All text created through this process was submitted via a data collection instrument designed to preserve student anonymity. The instrument also prompted instructors to complete the NASA Task Load Index [20] and System Usability Scale [21] to measure instructor cognitive load and general usability, respectively.

Review of Narratives

Feedback narratives were assessed using the Evaluation of Feedback Captured Tool (EFeCT), a feedback quality scoring tool consisting of 5 elements, each of which represents an aspect of good written feedback. One point is given for each element present, for a total score of 0 to 5 [22]. Two blinded, independent raters (DC and LZ) assigned scores asynchronously for each narrative. Reconciliation of mental models for each element was performed after 10 and 25 narratives. After all narratives were scored, the 2 raters synchronously reconciled their scores into a final score for each element for each narrative using the constant comparative method. This final reconciled score was passed to a third rater (JST) to be confirmed. In addition to the use of EFeCT, the raters flagged whether they thought the narrative was generated through AI assistance (binary variable).
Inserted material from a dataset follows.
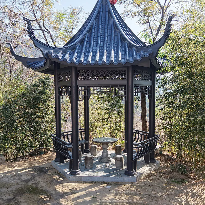 งานฝีมือร่องและเดือยแบบดั้งเดิม: ศาลาของเราสร้างขึ้นด้วยโครงสร้างร่องและเดือยเต็มรูปแบบ และบางส่วนเสริมด้วยส่วนประกอบ dougong เพื่อให้มั่นใจทั้งความมั่นคงของโครงสร้างและความถูกต้องทางวัฒนธรรม

Evaluation of Factuality of AI Feedback Summaries

Eight unedited AI feedback summaries were randomly sampled from the intervention cohort to benchmark any potential factual inaccuracies as an exploratory secondary analysis. These summaries were manually delimited into concepts by identifying each independent feedback statement that relied on an observed behavior in the simulation. Each individual feedback concept in the unedited AI feedback summary was cross-referenced with the full transcript of the session by an author (DSW) and classified for factuality (ie, whether the information in the written text corresponded to a real-world fact) [23]. Feedback was classified as correct if it matched the content of the original transcript, mischaracterized if it misrepresented the original context or meaning of the interaction in the transcript, or hallucinated if it referenced events not present in the transcript. Each feedback element classified as mischaracterized or hallucinated was then compared to the human-edited AI narrative to see whether the error was resolved.

Statistical Analysis

Analyses were conducted in R (version 4.2.2; R Foundation for Statistical Computing). For the EFeCT dataset, total EFeCT feedback scores and word counts were compared across sources (human only, unedited AI, and human-edited AI) using Kruskal-Wallis tests, with pairwise Wilcoxon rank-sum tests with Holm correction for multiple comparisons. Individual EFeCT subscores (elements B-F) were treated as binary outcomes and compared across groups using the Fisher exact test and then pairwise when the omnibus test was significant with Holm correction. Factuality analysis was conducted using descriptive statistics. The Fisher exact test was used to compare completion rates. We tested assumptions of normality (Shapiro-Wilk) and homogeneity of variance (Levene) prior to the cognitive load and usability analysis, in which we used independent-sample 2-tailed t tests. All tests were 2 tailed with significance set at an α value of .05.

Ethical Considerations

This study received an exemption from review by the Yale University Institutional Review Board due to its educational nature on January 23, 2025 (protocol ID 2000039478).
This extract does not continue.